12/28/2005 7:04 AM EST
URL: thestreet.com



Get Jim Cramer's picks for 2006.

Want to turn some heads at your next cocktail party? Tell people that buying real estate in Texas is a better bet in the short term than investing in California. It might sound bizarre, but it's what some real estate gurus are telling their investors.

To get a feel for which real estate markets were hot in 2005 and in previous years, you could practically throw darts at maps of California and Florida to find winners. Arizona and other Sun Belt areas didn't perform too shabbily either.

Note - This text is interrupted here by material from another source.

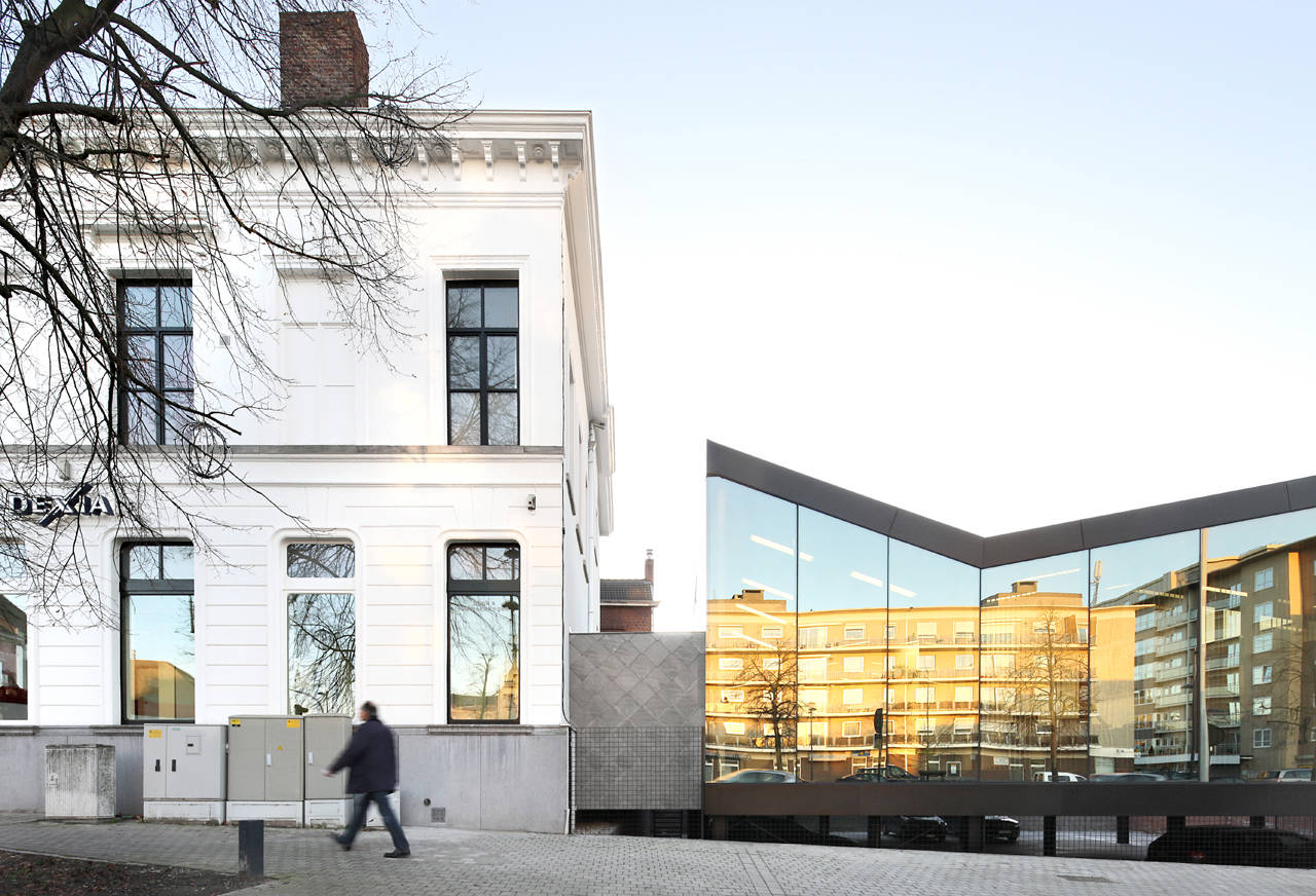 The mission to rehabilitate an existing bank facility in Harelbeke fits within revitalization of Dexia. The addition to the program with 8 office spaces, increases the necessity to build an extension.

But the question on many wise real estate industry minds is whether these states can keep up their torrid pace of sales and price gains.

One belief out there is that pricing is peaking in these markets, partly because speculators (who bought houses solely as investments and provided artificial demand in recent years) are starting to exit. Thus, there might not be too much to gain by buying a home in such states, at least for the short term.

Experts suggest that areas like Texas and the Carolinas could be next year's winners. As for next year's stinkers, they'll likely be in areas that rely heavily on manufacturing, such as Detroit, Cleveland, Buffalo, and Rochester, N.Y.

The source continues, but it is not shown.